Diğer taraftan da Kurdistan’ı bölen, parçalayan, sınırların ardında kaybolmasını “arzulayan” Lozan’ın 100. yılındayız. Yani bir erkek sistem olarak inşa edilen Cumhuriyet’in resmi kuruluş sözleşmesi… İma ettiği gibi barışı değil, aksine Kurdistan’da aralıksız sıcak, soğuk, özel bütün savaş biçimlerini sürdüren ve en çok da bu savaşı Kürt kadın bedenine ve iradesine karşı sürdüren bir sözleşmenin 100. yılındayız. Aynı yüzyılda “21. yüzyıl kadın yüzyılı olacak” tespitinin vücut bulduğuna da tanık oluyoruz. İşte bu tespitin en görünür olduğu bir coğrafyadır Kurdistan.
Evet parçalanmış bir gerçekliğimiz var. Bedenlerimiz, coğrafyamız, duygularımız parçalanmış ve sınırlar konulmuş aramıza. Ama bu parçalı halin içinde ve dört parçada sistemin saldırı motivasyonu ve biçimini, sistemin kuruluş ve devam gerekçesini, dört parçada kadın ve Kürt düşmanlığının tarihsel-ideolojik zeminini ve yine bütün bunlara karşı Kürt kadınların deneyimlerini, itirazlarını, direnişlerinin bilimle olan ilişkisini ve bu deneyim ve direnişin yarattığı yaşamsal ve bilimsel değerleri incelemek, yeniden açığa çıkarmak ve buradan mücadele birliğini geliştirerek kadın devrimine ivme kazandırmak meselesi; tam da iddia ettiği gibi ve hatta icra ettiği gibi, bu devrimin bilimi olarak jineolojî açısından da önemli bir mesele.

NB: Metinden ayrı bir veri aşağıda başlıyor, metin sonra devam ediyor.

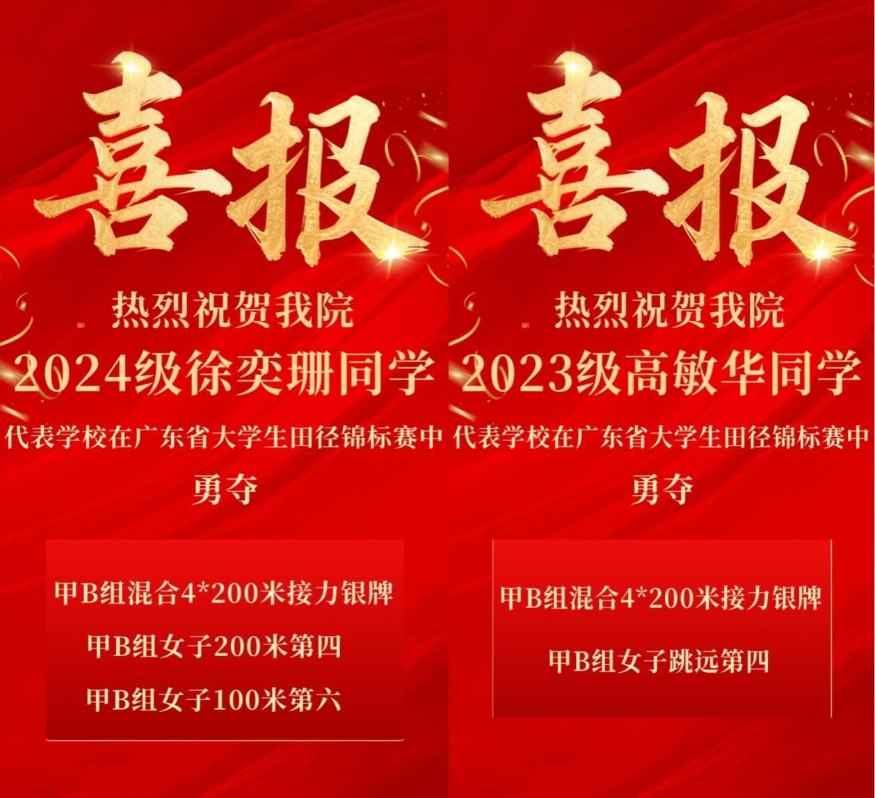 学院积极推动“读书报国,强体励志”校园体育文化,促进同学们德智体美劳全面发展。2025年,我院学生在第十二届广东省大学生运动会上表现突出,2023级高敏华同学和2024级徐奕珊同学荣获甲B组混合4*200米银牌;徐奕珊更以13.06 秒打破女子100米校纪录。同年校运会中,她以26.63秒的优异成绩刷新了广东医科大学尘封多年的女子200米记录,教工组与学生女子组分获佳绩,展现了昂扬向上的精神风貌。

Kurdistan’da kadın serisinin ilk dosya konusu da “Rojhilat” oldu: “Jîna’nın saçları Molla rejimi için ne anlam ifade ediyordu?” sorusunu sorduğumuz, sormaktan vazgeçmediğimiz, vazgeçmememiz gerektiği şu zamanlarda. “Kadının saçını, fikrini, bedenini hapseden bu rejimin varoluş gerekçesi neydi? Kuruluşunu nereden alıyordu?” Evet bütün bu sorular tarihsel anlamda. Bu sebeple de jineolojî penceresinden bu soruların peşine düşme iddiası, tarihsel-toplumsal yorum yöntemini kaçınılmaz kılıyor. Çünkü evet, Rojhilatê Kurdistanê’den başlayan Jin Jiyan Azadî isyanı, neredeyse bir yıldır devam ediyor. Bu isyan, Kurdistan’ın diğer parçaları ve İran başta olmak üzere bütün dünyada büyük bir etki yarattı. Bu etki, Jin Jiyan Azadî isyanının taşıdığı hakikatten bağımsız değil. Bu hakikat, özgür bir yaşamın şifresini işaret ediyor. Aynı zamanda, kadınların bedenini, saçını ve iradesini hapseden -daha tarihsel bir ifade ile tecrit eden- molla rejiminin de kuruluş zeminini işaret ediyor. Bu anlamda; belki de tecride, hapsedilmeye, kapatılmaya karşı en köklü çıkıştı kadınların özgürlük isyanı. Zaten ‘Jin Jiyan Azadî’ isyanı sürecinde gözaltına alınan veya tutuklanan kadınlara “pişmanlık yasasını” dayatan rejimin arzu ettiği şey; yine kadınların çatlattığı o temeli, kadınların sesini kısarak ve rızalarını üreterek tamir etmek istemesi değil midir?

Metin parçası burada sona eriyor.